N.W.T. MLA moves to oust minister of Industry, Tourism and Investment in confidence vote
MLA Steve Norn gave notice Wednesday that he will ask that Katrina Nokleby be removed from cabinet
In the N.W.T. Legislature's first sitting since COVID-19 forced an unplanned hiatus, a cabinet minister is facing a confidence motion that could see her lose her position.
Minister of Industry, Tourism and Investment Katrina Nokleby is the target of the motion. She is serving her first term in cabinet and her first term as an MLA, having been elected in October of last year.
Steve Norn, MLA for Tu Nedhé-Wiilideh and the chair of the Standing Committee on Accountability and Oversight, gave notice of the motion, and Rocky Simpson, MLA for Hay River South, seconded it.
"Members of Accountability and Oversight decided to bring this motion forward due to concerns about the member for Great Slave's performance as a cabinet minister," said Norn in a statement Wednesday.
Norn declined an interview request except to say of his colleagues, "we do not take this lightly." Simpson also declined an interview.
Nokleby, as minister of Industry, Tourism, and Investment, has overseen the government's response to massive economic disruption caused by the COVID-19 pandemic. To date, that's included millions of dollars in emergency loans, which many small business owners have said fail to meet their needs.
Nokleby is also the minister of Infrastructure and the minister responsible for the Workers' Safety and Compensation Commission.

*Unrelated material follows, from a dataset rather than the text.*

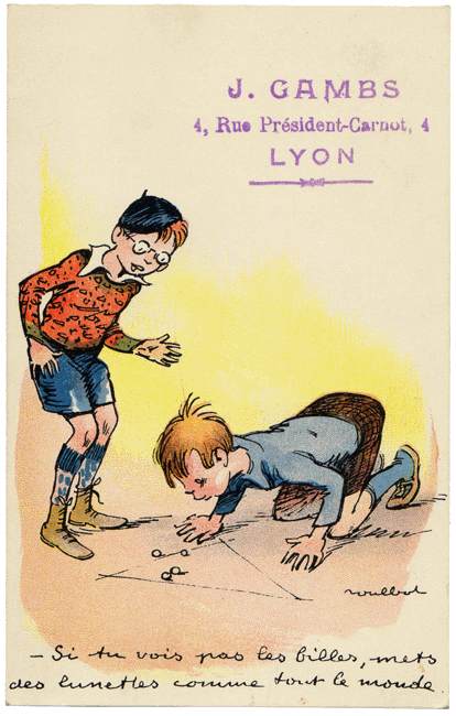 Cette carte postale fait partie d'une série dessinée par l'illustrateur POULBOT (1879-1946) et dont le thème est celui des enfants et des lunettes. Elle est utilisée, ici, comme publicité pour Joseph Gambs, opticien. |

Her department has seen rapid changes to programs and services to assist with the response to COVID-19.
Neither Nokleby nor Premier Caroline Cochrane made themselves available for an interview on Wednesday, but they sent CBC News a joint statement.
"There is a process for discussing and debating non-confidence motions in the House and cabinet respects that process," they said.
"It wouldn't be appropriate for the government to comment on the proposed motion until members have had the opportunity to more fully explain their reasons for bringing it forward as part of the debate on it in the Legislative Assembly.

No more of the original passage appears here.